Commits related to this issue

Most upvoted comments

For files ending in .root.1, etc., I would have thought you’re out of the easy case and have to start using dicts. The error message would say that. Would that be a big imposition?

I hadn’t considered having different behavior for str/bytes than for pathlib.Path. Would that be more expected?

Also, on accepting an already open Python file-handle (loosely interpreted as anything with read and seek, like io.BytesIO), Uproot has never had this capability, but it would be possible. It would exclude parallel reading of baskets, but you get what you pay for. That could become a new Source subclass, but it’s beyond the scope of this issue.


Since there are no thumbs up on the previous proposal and two objections thereafter, how about the following:

  • No consideration for whether a .root substring is found.
  • If a str or bytes is passed, do the colon parsing as before (many people have said that they want it, though it can be a stumbling block, as in @matthewfeickert’s case that started this thread).
  • If a pathlib.Path is passed, do not do colon parsing, which is a good way of enforcing what you want in uproot4.open, but would be limiting in functions that need to open many file-tree combinations, such as uproot4.iterate, uproot4.concatenate, and uproot4.lazy.
  • Support the dict syntax, which also does not do colon parsing, since the key-value separation distinguishes between file path and object path. This is the most general way to express a file path and object path, particularly useful for expressing many flie-tree combinations, and its limit for uproot4.open is a length-1 dict.
  • All “file not found” errors explain the rules clearly with examples.

What does everybody think of this? Thumbs up or comment: thanks!

(I’ve actually been distracted by other work, so just getting back to this now.)

One difficulty with optimizing usability is that “what is natural” or “what a novice might try” is rather speculative. I would expect novices (including me, approaching a system I don’t know) to get tripped up by the requirement that the object path has to be expressed as absolute, i.e. that it must start with :/blah and not just :blah, even though it is always going to be evaluated relative to /. (This was confusing in the file URI scheme, for example.) I’m not of a strong opinion about this point, though, because I think the error message is where the wide array of users’ guesses as to how it works will get narrowed down to how it actually does work—assuming users read error messages. (Sometimes a problem, but not a deep one if they copy-paste the error message into the bug report for me to read.)

The other difficulty with optimizing usability is that expectations among advanced users become necessities. I hadn’t known (I guessed right) that the colon syntax was an expected feature, and so losing it would be a stumbling block for users who expect it from ROOT.

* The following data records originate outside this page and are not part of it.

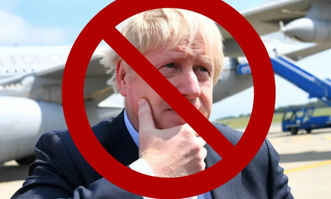 «Για να είμαστε ξεκάθαροι: δεν βοηθάμε τον Μπόρις να επιστρέψει σήμερα», έγραψε σε tweet η Ryanair, συνοδεύοντας το με μια φωτογραφία του πρώην Βρετανού πρωθυπουργού, με ένα απαγορευτικό να καλύπτει το πρόσωπό του.
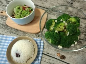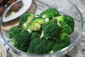 西蓝花放入开水中滚熟,水中要放盐。 取出放冷水凉一下 油锅下大蒜,最后加入蒸鱼豉油,耗油。 浇到冷好的西蓝花上
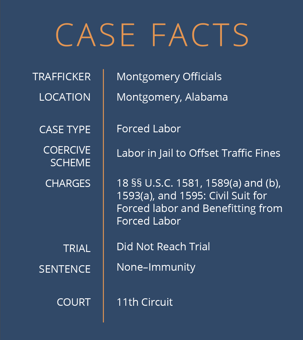 The defendants filed a motion to dismiss the case claiming the plaintiffs failed to state a claim for which relief could be granted. The District Court for the Middle District of Alabama dismissed some claims but refused to dismiss the claim of forced labor in jail. The City, two judges, the mayor, and two chiefs of police appealed, attempting to dismiss all of the claims. The 11th Circuit dismissed the City’s appeal but heard the individuals’ appeals.
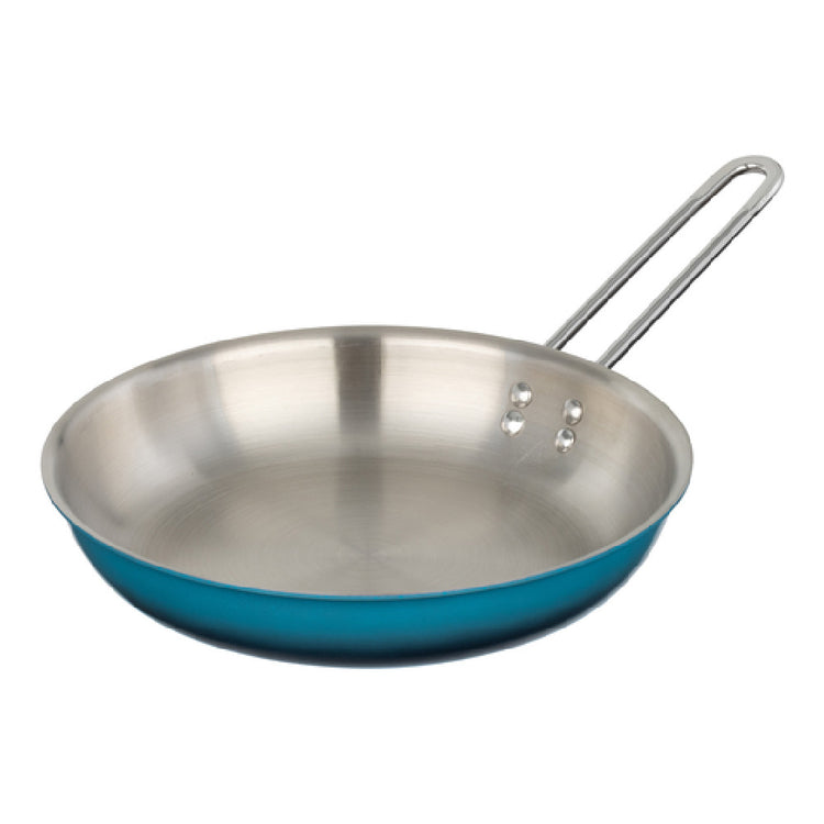 The Bon Chef 73308-OM-C Country French X Ombre Saute Pan is a versatile kitchen essential designed to meet the demands of both professional chefs and home cooks. This saute pan has a capacity of 2 qt 12 oz, providing ample space for a variety of cooking needs. With an 11-inch diameter and a height of 2 inches, it offers an ideal size for sauteing or simmering. Constructed with 5-ply stainless steel, the pan ensures even heat distribution, enhancing cooking efficiency. It features a distinctive Caribbean Blue ombre finish that adds a touch of elegance to any kitchen decor. The pan is equipped with a 7-inch long riveted handle, ensuring a secure grip for safe maneuvering. Its induction-ready design means it can be used on a range of cooktops, including induction, broadening its usability in diverse kitchen settings. Additionally, the pan is oven and dishwasher safe, making it convenient for both cooking and cleaning. While it comes without a lid, its sturdy construction compensates, providing durability and reliability. The Bon Chef 73308-OM-C is an attractive choice for culinary professionals and enthusiasts seeking a functional and stylish addition to their cookware collection.
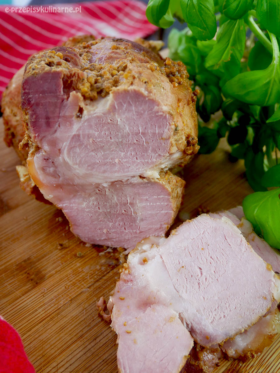 Musztardowa szynka gotowana w rękawie do pieczenia jest bardzo prosta do zrobienia, a wychodzi smaczna, aromatyczna i idealnie krucha. Robi się ją też bardzo szybko, jednak należy pamiętać, że po przygotowaniu marynaty, mięso najlepiej odstawić przynajmniej na dwa dni, aby się zamarynowało.
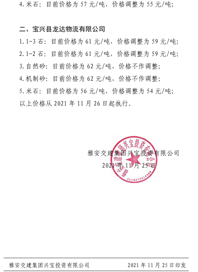 ÑŰ²½»½¨¼¯ˆF(tu¨¢n)ÅdŒš¹«Ë¾êP(gu¨¡n)ÓÚÕ{(di¨¤o)Õû³ÉÆ·ÁÏäNÊÛƒr(ji¨¤)¸ñµÄ֪ͨ£¨2021.11.26£©
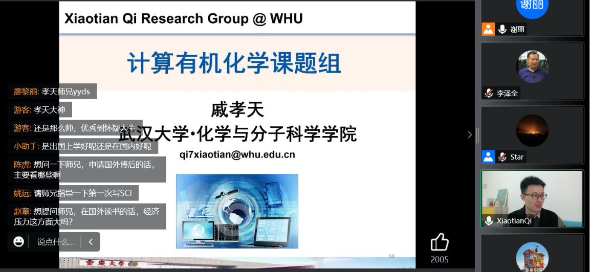 从本科到博士期间的美好学习时光、在美国匹兹堡大学的博士后工作经历、在武汉大学开展的科研探索进行讲述,他鼓励同学们对于学习、生活都要满怀热情,积极对待每一件事;树立清晰的目标,努力为之奋斗,创造属于自己的校友生活。交流环节中,同学们积极踊跃提问发言,在科研开展、出国留学、论文写作、学科发展、问题探索等多方面进行了交流。戚孝天结合自身经历,将他的理解娓娓道来。很多时候,由于各种原因,处于当下的我们对于行动的抉择感受“步步难”,时过境迁后,回顾过去经历,原来尽是“步步佳”,要相信广阔天地,大有可为。
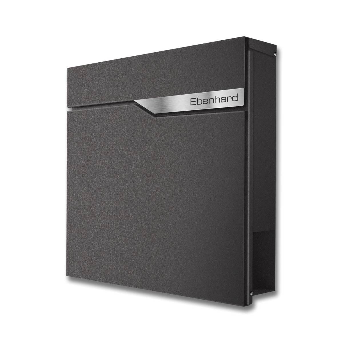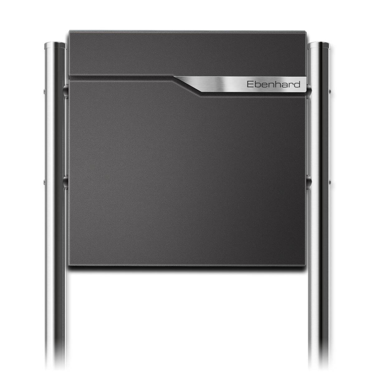 Moderner Standbriefkasten Ebenhard in DB 703 Eisenglimmer mit selbstklebendem Edelstahlschild

But the thing that’s driving the dict syntax is neither of the above. It’s driven by the functions that access many file-object (actually, file-TTree) pairs. They need a way—not a convenient way but any way—to express combined filesystem + ROOT object paths for hundreds or thousands of files. If we could have used the colon syntax for that, then that would have been great. But some filesystem paths have colons in them. In principle, a directory name could end with a colon, which would get incorrectly identified as :/. So the many file-object functions need to have a backup syntax for when the string syntax isn’t expressive enough, and that’s what the dicts are. Only one other suggestion has been made that would be as unambiguous, but it’s pretty verbose and introduces more things to remember.

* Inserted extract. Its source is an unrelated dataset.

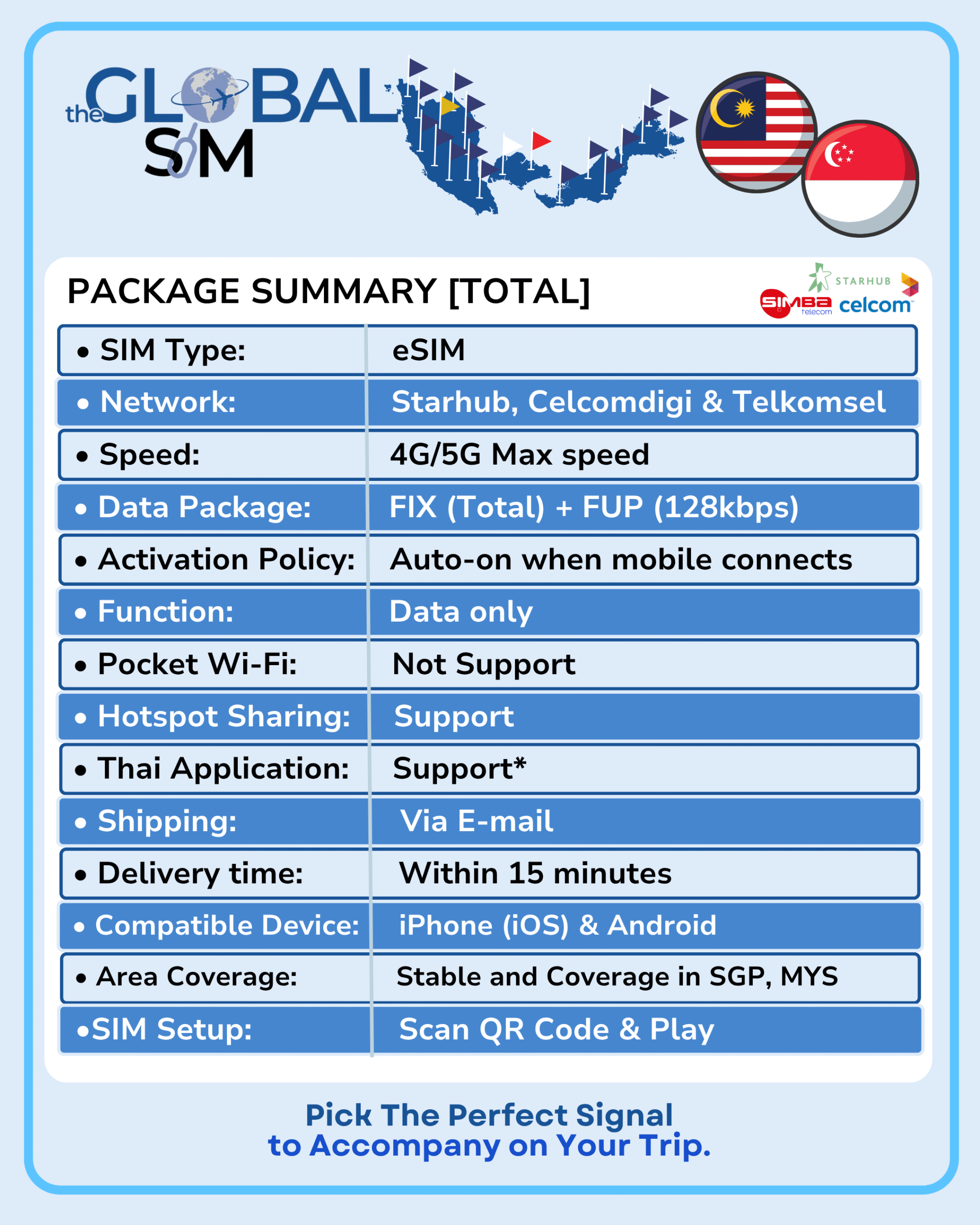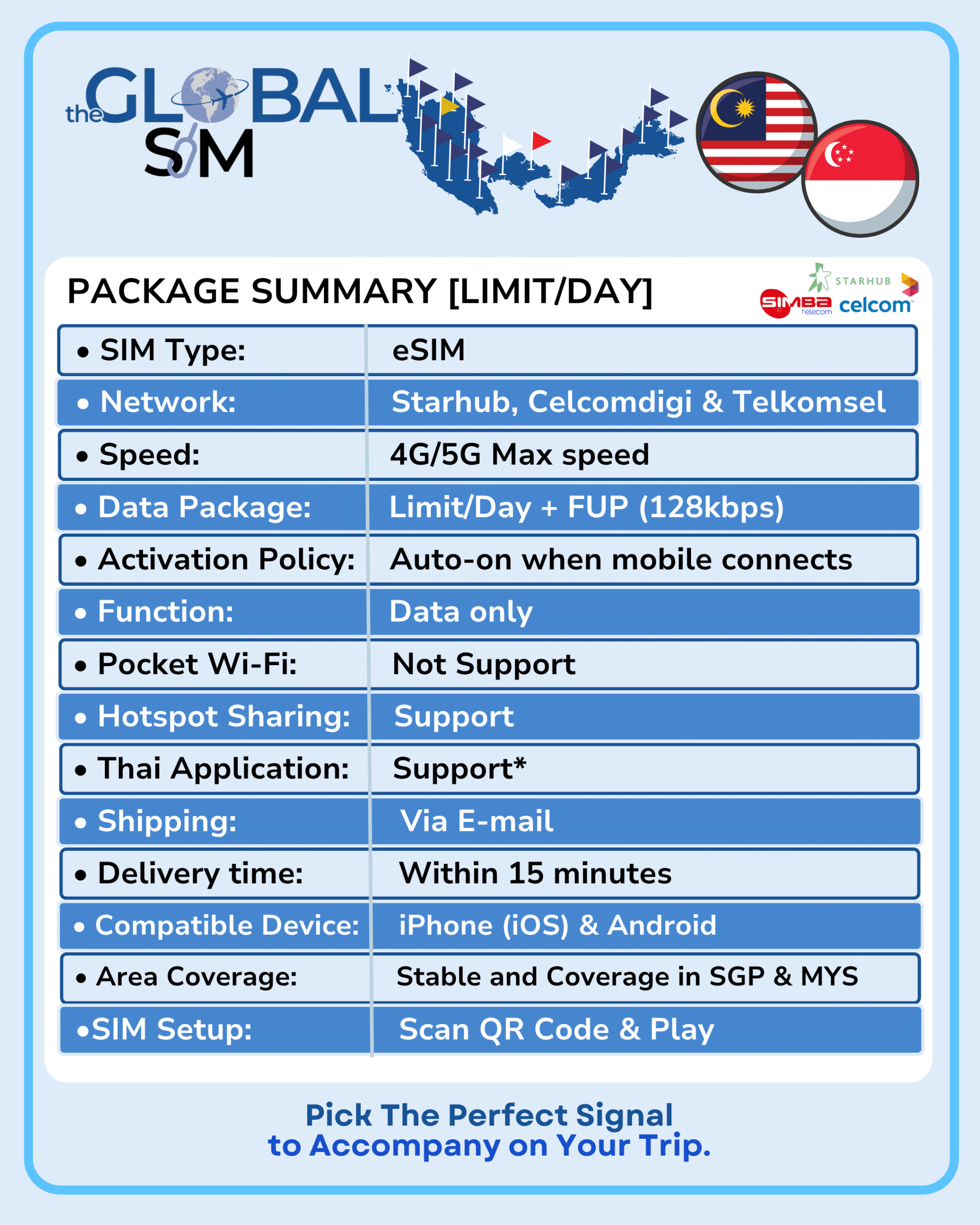 • Area Coverage: Stable and Coverage in Singapore & Malaysia

So novice users do not need to know about the dict syntax; it only comes up if they can’t express a group of filenames + object paths because the filenames have colons in them, and then it comes up as an error message because when they tried to do the naive thing, it couldn’t find the file.

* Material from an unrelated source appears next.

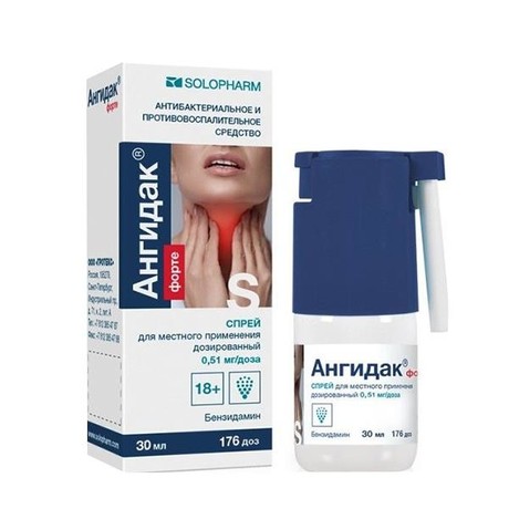 | Ангидак® форте | Спрей д/местн. прим. дозированный 0.51 мг/1 доза: фл. 30 мл (176 доз) рег. №: ЛП-(000979)-(РГ-RU) от 05.07.22 *- Действующее* Предыдущий рег. №: ЛП-005566 |

I’m going to implement the last proposal I made. I considered not porting the dict syntax from the functions that need it (uproot4.iterate, uproot4.concatenate, uproot4.lazy) to the function that doesn’t really need it (uproot4.open, for which only a length-1 dict would be allowed) because the “file not found” error messages don’t know whether they’re from an attempt to open a single file or many files, and tracking that provenance through everything so that they can give context-dependent error messages doesn’t seem worthwhile. Making the same syntax apply to all functions equally, even if it’s not really needed for one of them, is simpler.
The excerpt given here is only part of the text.